──────── Information provided ────────

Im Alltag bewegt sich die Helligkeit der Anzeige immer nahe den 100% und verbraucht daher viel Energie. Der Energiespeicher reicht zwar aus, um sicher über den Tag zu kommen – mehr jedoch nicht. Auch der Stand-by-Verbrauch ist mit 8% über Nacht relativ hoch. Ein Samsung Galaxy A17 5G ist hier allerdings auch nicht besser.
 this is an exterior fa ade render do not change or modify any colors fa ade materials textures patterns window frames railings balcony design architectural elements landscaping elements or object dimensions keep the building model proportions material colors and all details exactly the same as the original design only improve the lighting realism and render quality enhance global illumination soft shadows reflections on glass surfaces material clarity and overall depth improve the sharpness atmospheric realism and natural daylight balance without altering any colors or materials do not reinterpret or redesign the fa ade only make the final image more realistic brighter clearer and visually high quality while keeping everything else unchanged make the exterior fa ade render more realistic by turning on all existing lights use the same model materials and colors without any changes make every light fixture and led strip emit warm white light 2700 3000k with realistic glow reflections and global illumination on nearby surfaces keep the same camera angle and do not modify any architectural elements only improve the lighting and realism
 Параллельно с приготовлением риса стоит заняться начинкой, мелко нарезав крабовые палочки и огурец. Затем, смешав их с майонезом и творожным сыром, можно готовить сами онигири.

────────
──────── Information provided ────────

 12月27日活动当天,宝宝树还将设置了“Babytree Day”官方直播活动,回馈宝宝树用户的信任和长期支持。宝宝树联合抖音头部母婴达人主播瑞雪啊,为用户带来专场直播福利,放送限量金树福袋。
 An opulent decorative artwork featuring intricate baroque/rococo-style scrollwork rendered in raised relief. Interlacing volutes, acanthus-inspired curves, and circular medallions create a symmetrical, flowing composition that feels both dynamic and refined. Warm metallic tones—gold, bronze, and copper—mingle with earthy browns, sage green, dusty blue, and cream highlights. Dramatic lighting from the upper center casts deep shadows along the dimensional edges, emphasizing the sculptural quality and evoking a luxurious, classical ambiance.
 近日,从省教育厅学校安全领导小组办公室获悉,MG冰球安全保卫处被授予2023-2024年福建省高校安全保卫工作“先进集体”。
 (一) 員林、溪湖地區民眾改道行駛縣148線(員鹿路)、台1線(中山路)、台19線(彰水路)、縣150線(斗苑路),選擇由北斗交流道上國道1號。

────────
──────── Information provided ────────

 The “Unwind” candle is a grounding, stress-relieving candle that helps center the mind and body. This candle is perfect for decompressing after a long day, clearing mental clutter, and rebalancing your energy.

────────

Try it: Copy out each line of the material in which the word "with" turns up.

Result of this exercise:
 this is an exterior fa ade render do not change or modify any colors fa ade materials textures patterns window frames railings balcony design architectural elements landscaping elements or object dimensions keep the building model proportions material colors and all details exactly the same as the original design only improve the lighting realism and render quality enhance global illumination soft shadows reflections on glass surfaces material clarity and overall depth improve the sharpness atmospheric realism and natural daylight balance without altering any colors or materials do not reinterpret or redesign the fa ade only make the final image more realistic brighter clearer and visually high quality while keeping everything else unchanged make the exterior fa ade render more realistic by turning on all existing lights use the same model materials and colors without any changes make every light fixture and led strip emit warm white light 2700 3000k with realistic glow reflections and global illumination on nearby surfaces keep the same camera angle and do not modify any architectural elements only improve the lighting and realism
 An opulent decorative artwork featuring intricate baroque/rococo-style scrollwork rendered in raised relief. Interlacing volutes, acanthus-inspired curves, and circular medallions create a symmetrical, flowing composition that feels both dynamic and refined. Warm metallic tones—gold, bronze, and copper—mingle with earthy browns, sage green, dusty blue, and cream highlights. Dramatic lighting from the upper center casts deep shadows along the dimensional edges, emphasizing the sculptural quality and evoking a luxurious, classical ambiance.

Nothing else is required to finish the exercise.